____ Available data

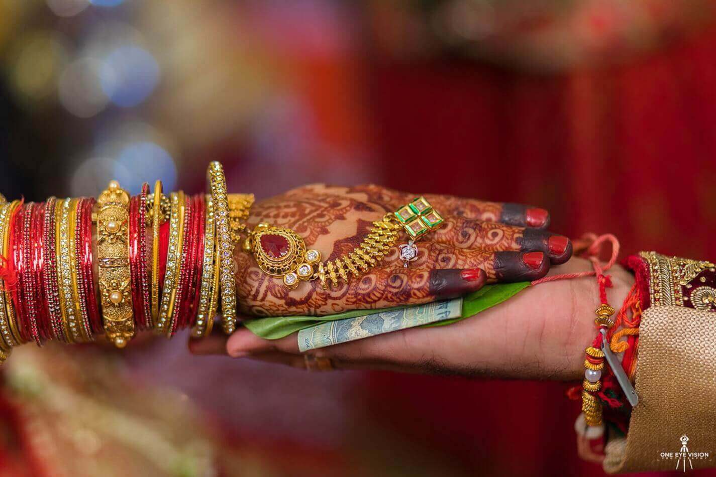 Каждая новобрачная старается надеть какое-либо ювелирное изделие. В Европе нет строгих регламентов на этот счёт. А вот индийская невеста не может обойтись на свадьбе без специальных украшений. Вместе с косметическими процедурами и непосредственно одеянием их обязательно должно быть не менее 16.
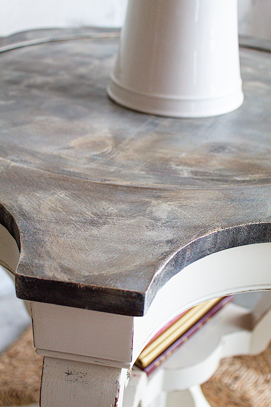 I couldn’t wait to try my ebony stain on this table top. I thought the dark contrast with the white paint would be perfect for the style I was aiming for.
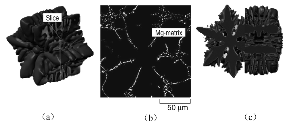 Fig. 1 Simulated result of dendrite morphology of magnesium alloy microstructures (Mg-9wt.% Al). (a) Three-dimensional morphology; (b) synchrotron-radiation-based x-ray tomography slice extracted showing hcp phase patter; (c) related sectional patter results from 3-D simulations.
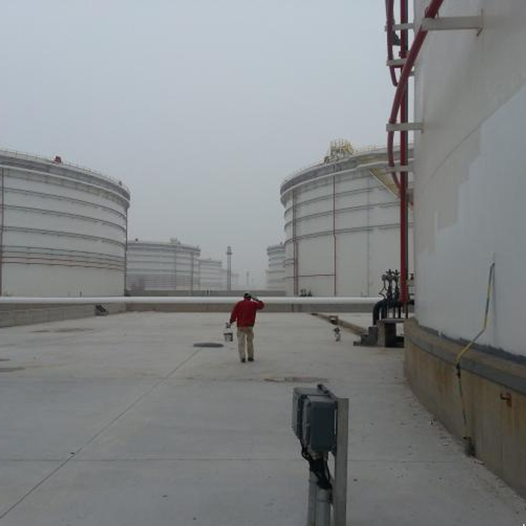 ⑴、将储罐基座边缘已腐蚀松动的水泥全部敲除。
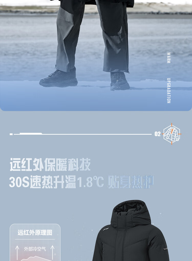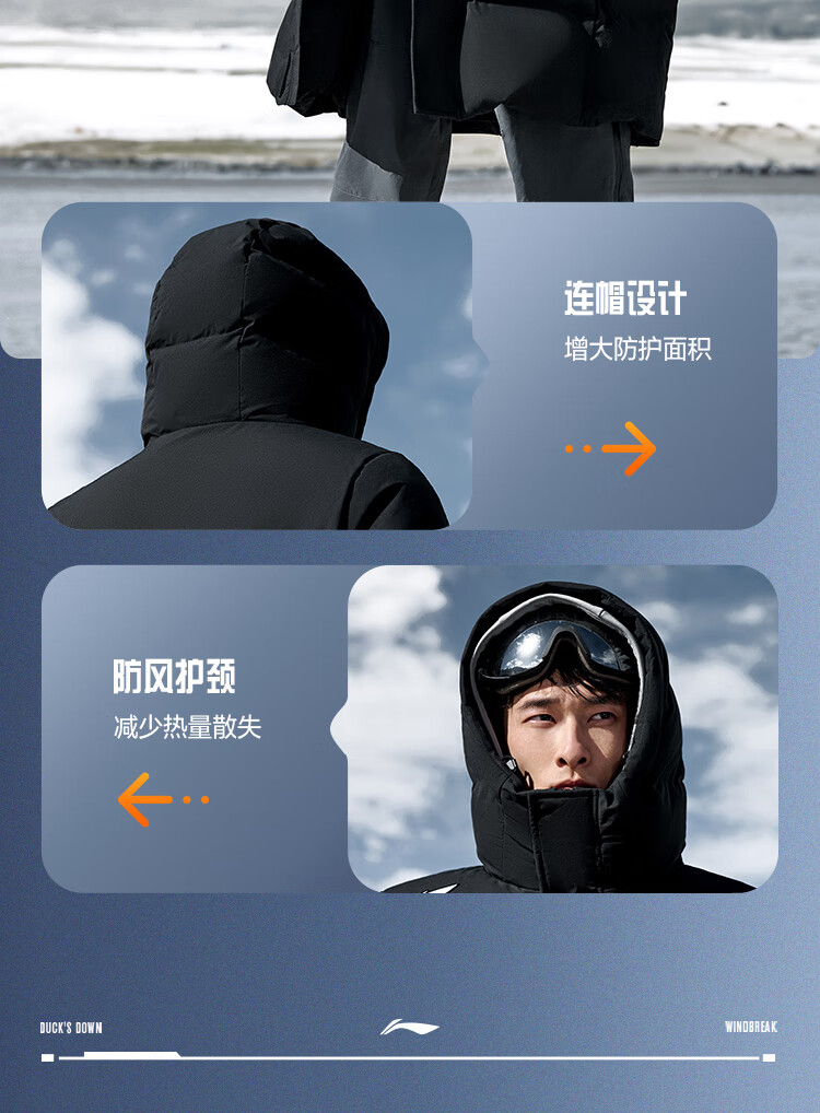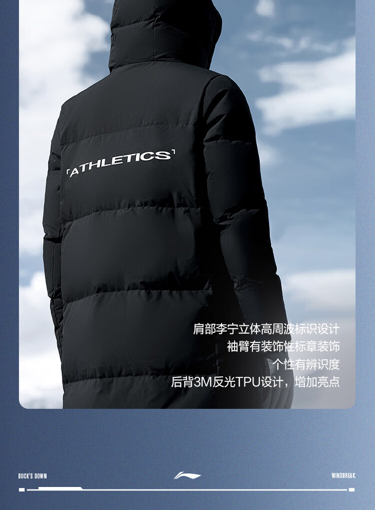 Li Ning Warm Long Down Jacket Men's 2025 New Style Locking, Comfortable and Versatile Casual Sports Jacket AYMV765
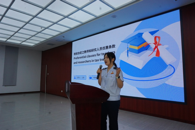 活動中,稅務干部解讀了稅收協定基本概念、作用及與高校師生相關的個稅、企稅優惠政策等,分享了跨境涉稅典型案例,并通過互動問答、現場咨詢為師生答疑解惑,發放宣傳資料。
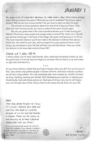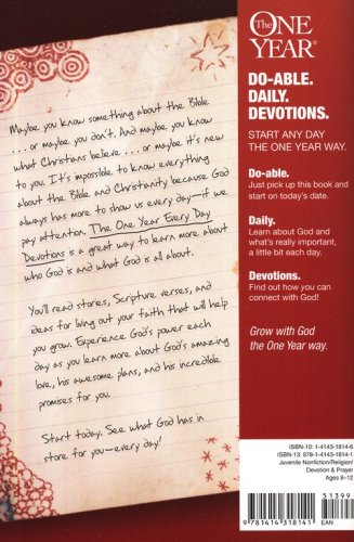 Each devotion encourages tweens to build a personal, active faith based on the core beliefs of the Bible and the Christian faith. Each day’s reading combines insights, NLT Scripture verses, and statements of Christian belief, creative applications, and prayer suggestions. Previously published as Young Believer 365.

________

* Task details
Each entry above should come back word for word, and no picture should come with it.

* Result of this exercise
 Каждая новобрачная старается надеть какое-либо ювелирное изделие. В Европе нет строгих регламентов на этот счёт. А вот индийская невеста не может обойтись на свадьбе без специальных украшений. Вместе с косметическими процедурами и непосредственно одеянием их обязательно должно быть не менее 16.
 I couldn’t wait to try my ebony stain on this table top. I thought the dark contrast with the white paint would be perfect for the style I was aiming for.
 Fig. 1 Simulated result of dendrite morphology of magnesium alloy microstructures (Mg-9wt.% Al). (a) Three-dimensional morphology; (b) synchrotron-radiation-based x-ray tomography slice extracted showing hcp phase patter; (c) related sectional patter results from 3-D simulations.
 ⑴、将储罐基座边缘已腐蚀松动的水泥全部敲除。
 Li Ning Warm Long Down Jacket Men's 2025 New Style Locking, Comfortable and Versatile Casual Sports Jacket AYMV765
 活動中,稅務干部解讀了稅收協定基本概念、作用及與高校師生相關的個稅、企稅優惠政策等,分享了跨境涉稅典型案例,并通過互動問答、現場咨詢為師生答疑解惑,發放宣傳資料。
 Each devotion encourages tweens to build a personal, active faith based on the core beliefs of the Bible and the Christian faith. Each day’s reading combines insights, NLT Scripture verses, and statements of Christian belief, creative applications, and prayer suggestions. Previously published as Young Believer 365.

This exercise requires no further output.